━━━━━ Extracted records ━━━━━

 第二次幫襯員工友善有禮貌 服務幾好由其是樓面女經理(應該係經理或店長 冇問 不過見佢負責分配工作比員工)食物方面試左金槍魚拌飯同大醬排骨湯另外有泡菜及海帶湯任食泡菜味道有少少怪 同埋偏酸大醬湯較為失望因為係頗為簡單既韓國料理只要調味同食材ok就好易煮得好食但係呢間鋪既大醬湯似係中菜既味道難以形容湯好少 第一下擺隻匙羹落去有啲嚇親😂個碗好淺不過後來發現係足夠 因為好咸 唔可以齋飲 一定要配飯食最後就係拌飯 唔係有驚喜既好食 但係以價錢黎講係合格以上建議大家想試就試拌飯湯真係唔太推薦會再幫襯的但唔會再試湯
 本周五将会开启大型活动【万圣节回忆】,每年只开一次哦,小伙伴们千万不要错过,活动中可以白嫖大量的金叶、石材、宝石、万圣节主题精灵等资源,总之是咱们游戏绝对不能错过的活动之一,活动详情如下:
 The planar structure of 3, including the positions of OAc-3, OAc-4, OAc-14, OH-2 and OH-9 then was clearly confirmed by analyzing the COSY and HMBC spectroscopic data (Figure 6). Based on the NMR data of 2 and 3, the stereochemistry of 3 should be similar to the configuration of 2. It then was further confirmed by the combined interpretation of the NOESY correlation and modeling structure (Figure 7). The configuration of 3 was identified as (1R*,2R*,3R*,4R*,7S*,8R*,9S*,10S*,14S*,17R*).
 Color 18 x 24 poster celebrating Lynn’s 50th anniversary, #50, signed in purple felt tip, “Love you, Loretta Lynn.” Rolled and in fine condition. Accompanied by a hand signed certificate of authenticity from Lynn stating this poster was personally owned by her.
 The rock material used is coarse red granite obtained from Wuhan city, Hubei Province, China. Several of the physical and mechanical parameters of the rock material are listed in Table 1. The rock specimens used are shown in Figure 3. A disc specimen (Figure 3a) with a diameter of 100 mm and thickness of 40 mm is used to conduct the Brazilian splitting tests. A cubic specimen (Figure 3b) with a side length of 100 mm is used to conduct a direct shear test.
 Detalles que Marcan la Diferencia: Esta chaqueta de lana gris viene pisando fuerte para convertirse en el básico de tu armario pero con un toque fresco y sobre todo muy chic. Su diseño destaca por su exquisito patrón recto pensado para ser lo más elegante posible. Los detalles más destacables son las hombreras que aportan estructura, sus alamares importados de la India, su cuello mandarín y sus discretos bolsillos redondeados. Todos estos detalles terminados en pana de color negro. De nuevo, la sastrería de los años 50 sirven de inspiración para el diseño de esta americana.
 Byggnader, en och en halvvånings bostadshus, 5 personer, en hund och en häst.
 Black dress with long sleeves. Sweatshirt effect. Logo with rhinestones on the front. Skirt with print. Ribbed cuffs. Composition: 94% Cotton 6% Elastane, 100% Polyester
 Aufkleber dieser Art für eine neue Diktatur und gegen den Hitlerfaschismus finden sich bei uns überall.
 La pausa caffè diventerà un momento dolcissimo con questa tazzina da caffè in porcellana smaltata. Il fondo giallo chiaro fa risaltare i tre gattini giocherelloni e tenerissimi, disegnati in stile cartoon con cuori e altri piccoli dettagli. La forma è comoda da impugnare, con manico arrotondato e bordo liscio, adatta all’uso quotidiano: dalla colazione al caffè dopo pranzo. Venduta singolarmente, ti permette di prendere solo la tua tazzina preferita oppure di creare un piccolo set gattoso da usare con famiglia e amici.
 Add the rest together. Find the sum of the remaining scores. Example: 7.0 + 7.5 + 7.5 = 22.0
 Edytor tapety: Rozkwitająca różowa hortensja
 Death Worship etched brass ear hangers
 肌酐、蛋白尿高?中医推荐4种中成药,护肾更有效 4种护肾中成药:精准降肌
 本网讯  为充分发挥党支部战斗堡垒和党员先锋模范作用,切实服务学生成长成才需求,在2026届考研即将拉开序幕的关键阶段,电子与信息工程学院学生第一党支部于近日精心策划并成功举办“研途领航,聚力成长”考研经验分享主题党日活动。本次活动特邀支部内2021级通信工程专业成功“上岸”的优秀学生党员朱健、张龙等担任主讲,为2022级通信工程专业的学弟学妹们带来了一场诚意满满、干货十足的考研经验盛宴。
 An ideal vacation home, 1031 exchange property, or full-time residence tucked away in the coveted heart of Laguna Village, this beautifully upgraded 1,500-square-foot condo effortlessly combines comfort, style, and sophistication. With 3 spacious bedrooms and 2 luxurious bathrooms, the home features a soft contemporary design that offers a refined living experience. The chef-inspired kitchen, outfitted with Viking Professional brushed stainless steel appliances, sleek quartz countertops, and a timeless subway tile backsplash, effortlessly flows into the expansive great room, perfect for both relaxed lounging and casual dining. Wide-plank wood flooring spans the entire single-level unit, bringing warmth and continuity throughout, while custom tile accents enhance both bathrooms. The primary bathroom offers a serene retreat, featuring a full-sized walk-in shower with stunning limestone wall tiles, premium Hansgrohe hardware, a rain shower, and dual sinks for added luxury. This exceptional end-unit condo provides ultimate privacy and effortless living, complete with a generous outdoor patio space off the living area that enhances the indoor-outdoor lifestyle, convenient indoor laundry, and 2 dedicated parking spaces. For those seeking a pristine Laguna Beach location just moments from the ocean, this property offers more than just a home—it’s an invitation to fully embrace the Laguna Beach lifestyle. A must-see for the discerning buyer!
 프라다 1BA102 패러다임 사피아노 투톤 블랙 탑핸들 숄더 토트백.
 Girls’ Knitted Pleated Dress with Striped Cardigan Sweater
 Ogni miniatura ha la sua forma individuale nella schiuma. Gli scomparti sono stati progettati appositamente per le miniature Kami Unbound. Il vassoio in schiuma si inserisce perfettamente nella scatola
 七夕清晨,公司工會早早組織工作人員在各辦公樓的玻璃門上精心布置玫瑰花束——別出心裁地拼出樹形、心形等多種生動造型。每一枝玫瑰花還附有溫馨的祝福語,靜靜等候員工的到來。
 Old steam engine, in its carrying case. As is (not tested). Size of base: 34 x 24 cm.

━━━━━

Using the data above, reproduce exactly the lines from the line that contains "Byggnader, en och" through the line that contains "本网讯  为充分发挥党支部战", including both.

 Byggnader, en och en halvvånings bostadshus, 5 personer, en hund och en häst.
 Black dress with long sleeves. Sweatshirt effect. Logo with rhinestones on the front. Skirt with print. Ribbed cuffs. Composition: 94% Cotton 6% Elastane, 100% Polyester
 Aufkleber dieser Art für eine neue Diktatur und gegen den Hitlerfaschismus finden sich bei uns überall.
 La pausa caffè diventerà un momento dolcissimo con questa tazzina da caffè in porcellana smaltata. Il fondo giallo chiaro fa risaltare i tre gattini giocherelloni e tenerissimi, disegnati in stile cartoon con cuori e altri piccoli dettagli. La forma è comoda da impugnare, con manico arrotondato e bordo liscio, adatta all’uso quotidiano: dalla colazione al caffè dopo pranzo. Venduta singolarmente, ti permette di prendere solo la tua tazzina preferita oppure di creare un piccolo set gattoso da usare con famiglia e amici.
 Add the rest together. Find the sum of the remaining scores. Example: 7.0 + 7.5 + 7.5 = 22.0
 Edytor tapety: Rozkwitająca różowa hortensja
 Death Worship etched brass ear hangers
 肌酐、蛋白尿高?中医推荐4种中成药,护肾更有效 4种护肾中成药:精准降肌
 本网讯  为充分发挥党支部战斗堡垒和党员先锋模范作用,切实服务学生成长成才需求,在2026届考研即将拉开序幕的关键阶段,电子与信息工程学院学生第一党支部于近日精心策划并成功举办“研途领航,聚力成长”考研经验分享主题党日活动。本次活动特邀支部内2021级通信工程专业成功“上岸”的优秀学生党员朱健、张龙等担任主讲,为2022级通信工程专业的学弟学妹们带来了一场诚意满满、干货十足的考研经验盛宴。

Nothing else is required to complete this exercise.